Unlocking The Vault: Lucien Freud, Museum of Fine Arts, Boston
"Unlocking the Vault" is an ongoing investigation by contributor, John Pyper, of artworks deep within museums' permanent collections.
Lucien Freud, Susie, 1988
Museum of Fine Arts, Boston
Lucien Freud (English, 1922-2011) | Susie, 1988, Oil on canvas, Courtesy of the Museum of Fine Arts, Boston
If you've never encountered Freud's painting of his daughter Susie Boyt, it's not a large work. There only hint that it's small are the brush strokes in the background, especially the ones that shape the right side of her head. As with most of Freud's more successful paintings, they depict a fragile human in a meaty swarm of impasto. Flesh is low contrast in Freud's eyes but is still made from diffuse contrasting shades. The sitter's still face and shoulders anchor the painting, subtly receding from face to chest. Her hair on the other hand, is a winding coil of brush strokes and angular motion that optically blend, rippling off the frame. There is no trauma in that her eyes are uneven. Irregular but balanced, she's just as beautiful for it.
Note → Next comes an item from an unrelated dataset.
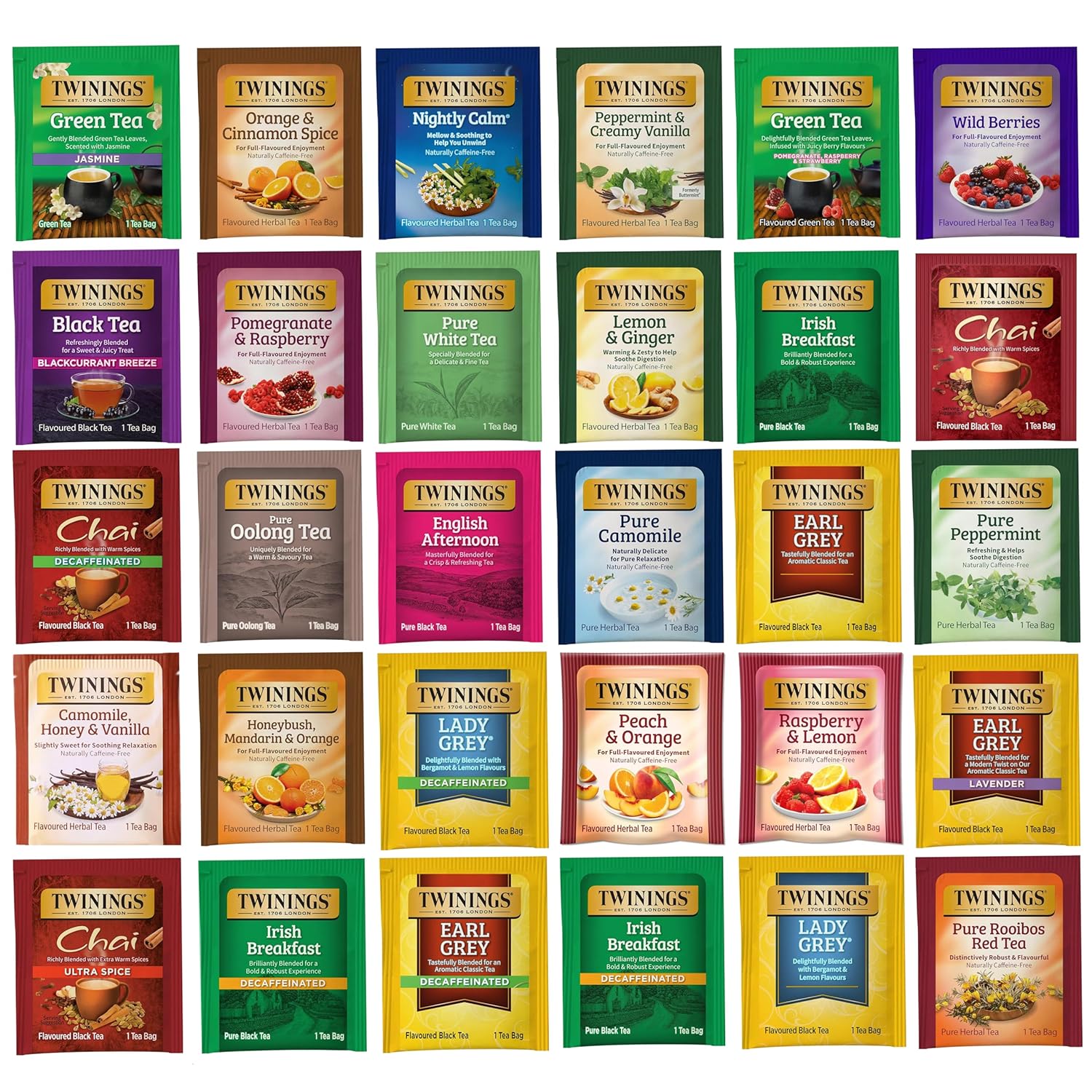 {"about_product": ["60 PACK 30 ASSORTED FLAVORS: The Twinings Tea Bags Sampler Assortment Variety Pack includes 60 tea bags 30 flavors with a perfect variety of Twinings teas.", "GREAT CHOICE FOR ANY OCCASION: Ideal for birthdays, holidays, or special celebrations. This assortment box is a fantastic selection for tea lovers, family, friends, coworkers, or couples to enjoy together.", "IDEAL FOR TEA LOVERS: Whether you're a long-time tea lover or just starting to explore, this sampler pack is the perfect way to discover new flavors. It’s a great choice for yourself or any tea enthusiast in your life.", "PREMIUM QUALITY: Individually wrapped tea bags ensure freshness and convenience, perfect for home, office, or on-the-go.", "EASY TO PREPARE: Add freshly boiled water. Steep about 3 minutes or to desired strength. Enjoy it hot or cold over ice.", "30 PACK 30 ASSORTED FLAVORS (Pack of 2): Enjoy 60 tea bags total."], "product_description": "Twinings Tea Bags Sampler Assortment Variety Pack (60 Count) 30 Different Flavors for Tea Lovers: Her, Him, Women, Men, Couples, Family, Friends, Coworkers", "product_information": {"ASIN": "B0DZ44NRKR", "Units": "60 Count", "Manufacturer": "Twinings", "Customer Reviews": "4.7 4.7 out of 5 stars \n\n (27)", "Best Sellers Rank": "#39,900 in Grocery & Gourmet Food (See Top 100 in Grocery & Gourmet Food) #314 in Tea Samplers", "Package Dimensions": "5.63 x 5.08 x 3.7 inches; 7.83 ounces"}, "product_details": {"Brand": "Twinings", "Flavor": "Variety", "Item Form": "Teabags", "Unit Count": "60 Count", "Tea Variety": "Black"}}

Susie came to the MFA through the generosity of Melvin Blake and Frank Purnell, a couple who collected realist paintings. After seeing Antionio López García's work at Staempﬂi gallery, they sought out numerous works from Spanish artists working in realism. These works were out of fashion in New York at the time, but the two collectors followed their instincts and amassed an excellent collection that was larger than the sum of its parts.
In one way, both collector and painter resemble each other: both were diligent workers with a singular viewpoint. Freud sometimes scheduled his sitters for weeks, unearthing signiﬁcant insights from their faces. Digging through their visual information, ﬁnding the ugly and the beauty of each person, he reported on the fragmented reality of his sitter, presenting them as a consistent whole. His realism wasn't photographic, but took a form that ignored the idealized. He hoped to present the sitter in a mater-of-fact way, divulging the hidden truths rather than faithfully depicting the accidental conditions of light as it moved across the body.